Action item:
All of the data is to be written out again exactly, without the pictures.
___ Input data ___
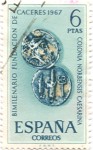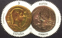 3-peseta stamp depicts coin of Caesar Augustus; 7-peseta stamp depicts a coin.
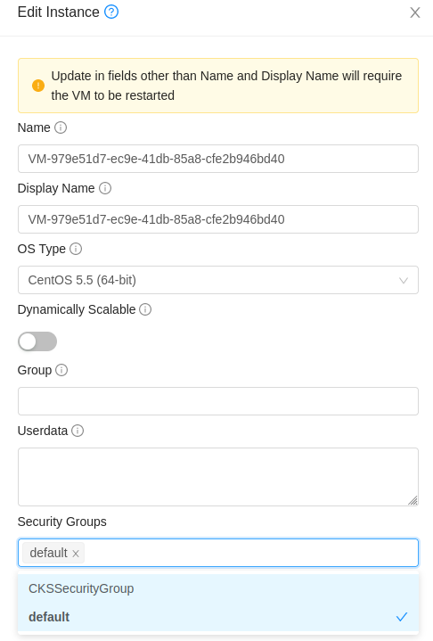 ### Description This PR provides a means of updating a stopped VM with security groups. <!--- Describe your changes in DETAIL - And how has behaviour functionally changed. --> <!-- For new features, provide link to FS, dev ML discussion etc. --> <!-- In case of bug fix, the expected and actual behaviours, steps to reproduce. --> <!-- When "Fixes: #<id>" is specified, the issue/PR will automatically be closed when this PR gets merged --> <!-- For addressing multiple issues/PRs, use multiple "Fixes: #<id>" --> <!-- Fixes: # --> <!--- ********************************************************************************* --> <!--- NOTE: AUTOMATATION USES THE DESCRIPTIONS TO SET LABELS AND PRODUCE DOCUMENTATION. --> <!--- PLEASE PUT AN 'X' in only **ONE** box --> <!--- ********************************************************************************* --> ### Types of changes - [ ] Breaking change (fix or feature that would cause existing functionality to change) - [ ] New feature (non-breaking change which adds functionality) - [ ] Bug fix (non-breaking change which fixes an issue) - [X] Enhancement (improves an existing feature and functionality) - [ ] Cleanup (Code refactoring and cleanup, that may add test cases) ### Feature/Enhancement Scale or Bug Severity #### Feature/Enhancement Scale - [ ] Major - [X] Minor ### Screenshots (if appropriate): ### How Has This Been Tested? Advanced Zone with Security Groups: - Provision to select multiple security groups:  - Displays the security groups associated with the VM as a space separated list in the Details tab of the VM:  - Ensured that the fields do not appear in the Advanced zone Tabs <!-- Please read the [CONTRIBUTING](https://github.com/apache/cloudstack/blob/main/CONTRIBUTING.md) document --> -- This is an automated message from the Apache Git Service. To respond to the message, please log on to GitHub and use the URL above to go to the specific comment. To unsubscribe, e-mail: [email protected] For queries about this service, please contact Infrastructure at: [email protected]
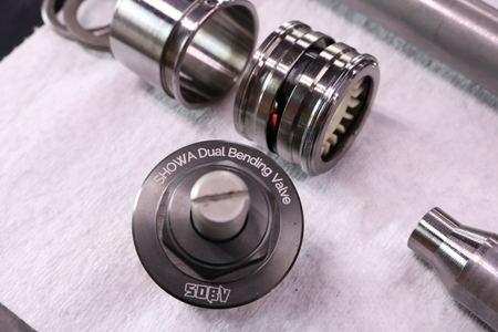 フロントフォークは大掛かりと表せる内容です。カートリッジを追加するだけならそれほどでもありませんが、SDBVと呼ばれる特殊な機構がインナーチューブ先端にあり、それを外すとフォーク長が大きく変化するので、そこの寸法を変えないようにステンレスで部品を作り対応しました。その部品はカシメられ分解ができないようなっています。そこで、一度分解し部品を製作挿入後に当社得意の際カシメで対応できたのは幸いでした。再カシメ以外の手法で長さ合わせを行う方法もありますが、色々と面倒もあり今回はこの手法を用いました。
___
Answer box:
 3-peseta stamp depicts coin of Caesar Augustus; 7-peseta stamp depicts a coin.
 ### Description This PR provides a means of updating a stopped VM with security groups. <!--- Describe your changes in DETAIL - And how has behaviour functionally changed. --> <!-- For new features, provide link to FS, dev ML discussion etc. --> <!-- In case of bug fix, the expected and actual behaviours, steps to reproduce. --> <!-- When "Fixes: #<id>" is specified, the issue/PR will automatically be closed when this PR gets merged --> <!-- For addressing multiple issues/PRs, use multiple "Fixes: #<id>" --> <!-- Fixes: # --> <!--- ********************************************************************************* --> <!--- NOTE: AUTOMATATION USES THE DESCRIPTIONS TO SET LABELS AND PRODUCE DOCUMENTATION. --> <!--- PLEASE PUT AN 'X' in only **ONE** box --> <!--- ********************************************************************************* --> ### Types of changes - [ ] Breaking change (fix or feature that would cause existing functionality to change) - [ ] New feature (non-breaking change which adds functionality) - [ ] Bug fix (non-breaking change which fixes an issue) - [X] Enhancement (improves an existing feature and functionality) - [ ] Cleanup (Code refactoring and cleanup, that may add test cases) ### Feature/Enhancement Scale or Bug Severity #### Feature/Enhancement Scale - [ ] Major - [X] Minor ### Screenshots (if appropriate): ### How Has This Been Tested? Advanced Zone with Security Groups: - Provision to select multiple security groups:  - Displays the security groups associated with the VM as a space separated list in the Details tab of the VM:  - Ensured that the fields do not appear in the Advanced zone Tabs <!-- Please read the [CONTRIBUTING](https://github.com/apache/cloudstack/blob/main/CONTRIBUTING.md) document --> -- This is an automated message from the Apache Git Service. To respond to the message, please log on to GitHub and use the URL above to go to the specific comment. To unsubscribe, e-mail: [email protected] For queries about this service, please contact Infrastructure at: [email protected]
 フロントフォークは大掛かりと表せる内容です。カートリッジを追加するだけならそれほどでもありませんが、SDBVと呼ばれる特殊な機構がインナーチューブ先端にあり、それを外すとフォーク長が大きく変化するので、そこの寸法を変えないようにステンレスで部品を作り対応しました。その部品はカシメられ分解ができないようなっています。そこで、一度分解し部品を製作挿入後に当社得意の際カシメで対応できたのは幸いでした。再カシメ以外の手法で長さ合わせを行う方法もありますが、色々と面倒もあり今回はこの手法を用いました。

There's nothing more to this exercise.